Church of the Nativity of the Virgin Mary (Kostel Narození Panny Marie) is a Roman Catholic basilica in Písek in the South Bohemian Region of the Czech Republic. It has a nave, two aisles, and a bell tower on the south side of the western facade which has become a symbol of the town. It is also the highest building in Písek.

==History==
The construction of the church started with the building of presbytery in 1240. Walls of the presbytery together with its polygonal ending were made first. Then was built a roof frame, which was protecting the work during the construction of the vault. There was built a temporary wall in a triumphal arch of the presbytery to start the religious ceremonials before the church construction was completed.

The work continued with a construction of two towers in corners of the western facade. At the same time were built side walls of the church. A main entrance was built in the northern wall, which was quite uncommon.

After finishing the exterior walls a sacristy by the presbytery and an arcade, they were able to build a cross vault above the nave and two aisles. After that, the temporary wall was demolished and the church was completed. The church was probably consecrated around 1360. The Late Gothic construction period is connected with the master builder Mikulas Pisecký, who changed the western facade and he constructed the south tower. The Neo-Gothic reconstruction was made according to plans by the architect Josef Mocker.

==Exterior==
===Western facade===
The entrance portal in this part of the church was built in the middle of the 14th century. There are reliefs on the edge of the portal. One of them is Mikuláš Písecký himself, builder of the monumental bell tower and in his text is written about the construction of the tower. Other reliefs possibly show the king Vladislaus II of Hungary (Jagiellon) and his son Louis II. There is a pointed window above the entrance portal, which is decorated by sacral motifs and statues. Next to the window is a relief of Crowned Virgin Mary with child. There is also a staircase to the organ loft in the wall of the northern tower.

====The tower====
The monumental southern tower built in the western facade is 74 m in height and has become the symbol of the town Písek. The construction of the tower started in 1489. In 1555 lightning hit the new tower and it burned down. During the following reconstruction was built the bulbous roof (also called onion roof) instead of the old saddle roof.

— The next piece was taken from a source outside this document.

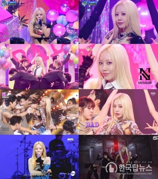 솔로로는 4년여 만에 음악 방송에 출연한 김남주는 ‘BAD’로 파워풀한 퍼포먼스와 함께 안정적인 라이브를 펼치며 음악 팬들의 취향을 저격했다.
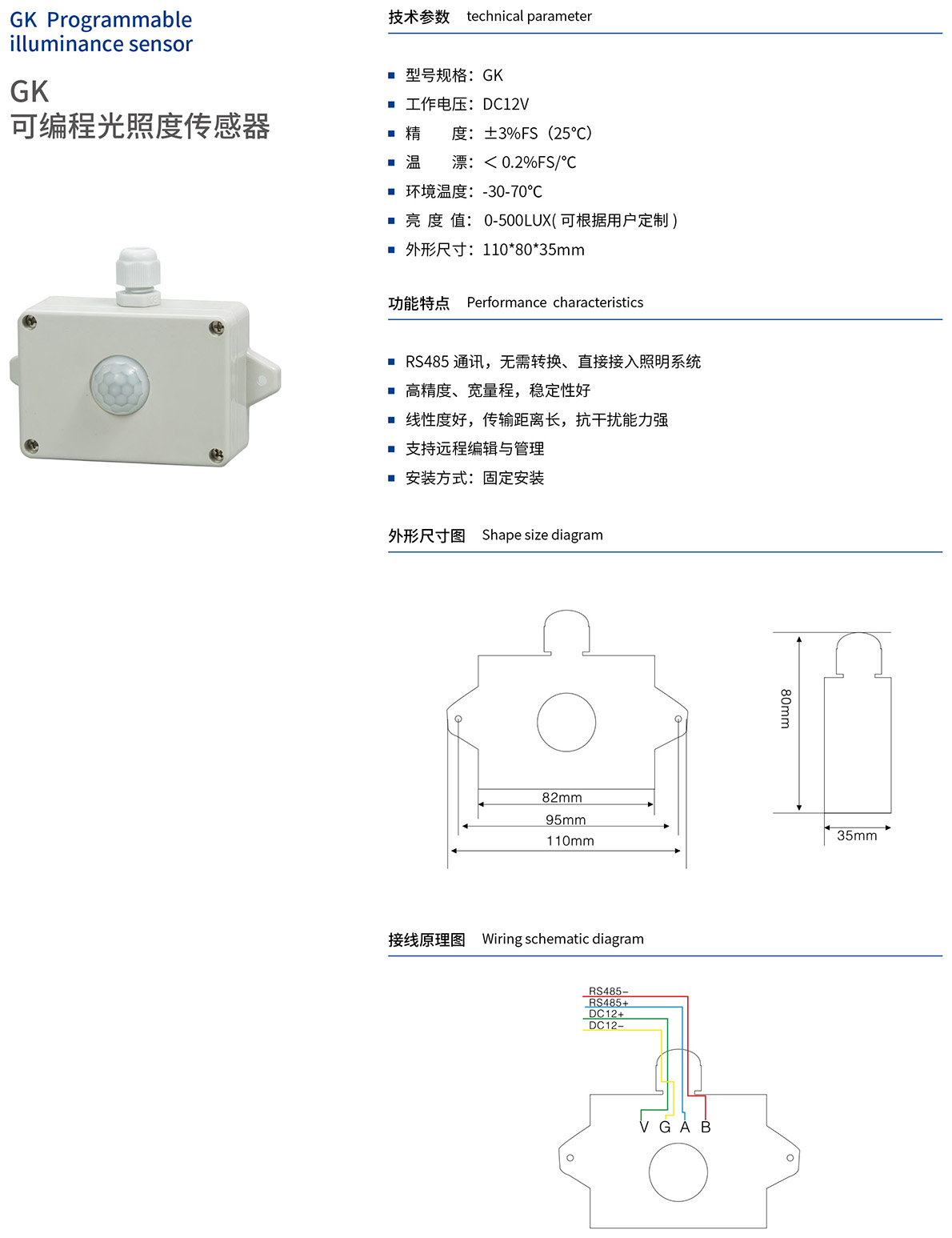 GK可编程光照度传感器

At the top is an observation deck with a tracery railing. Behind the observation deck is a room for watchman, because in the past was the tower a part of the town defense system. At each side of the observation deck are clocks, which were moved from the city castle in 1860. There are some pointed windows at each side of the tower.

===Northern facade===
During the reconstruction of the tower in the 16th-century were made changes also in the northern part of the church. Above the north portal were built Renaissance shield arches with a new roof construction of the northern aisle. In 1726 was built an entrance hall in front of the entrance portal. It was removed in the middle of the 19th century while the church was in another reconstruction. In the same years an old sacristy next to the presbytery was demolished. The window above the old sacristy was enlarged to the same height as other windows in the presbytery. It has become the biggest window in the presbytery because of the original window. Windows in the nave above aisles or in the sacristy are usually wider than in the presbytery.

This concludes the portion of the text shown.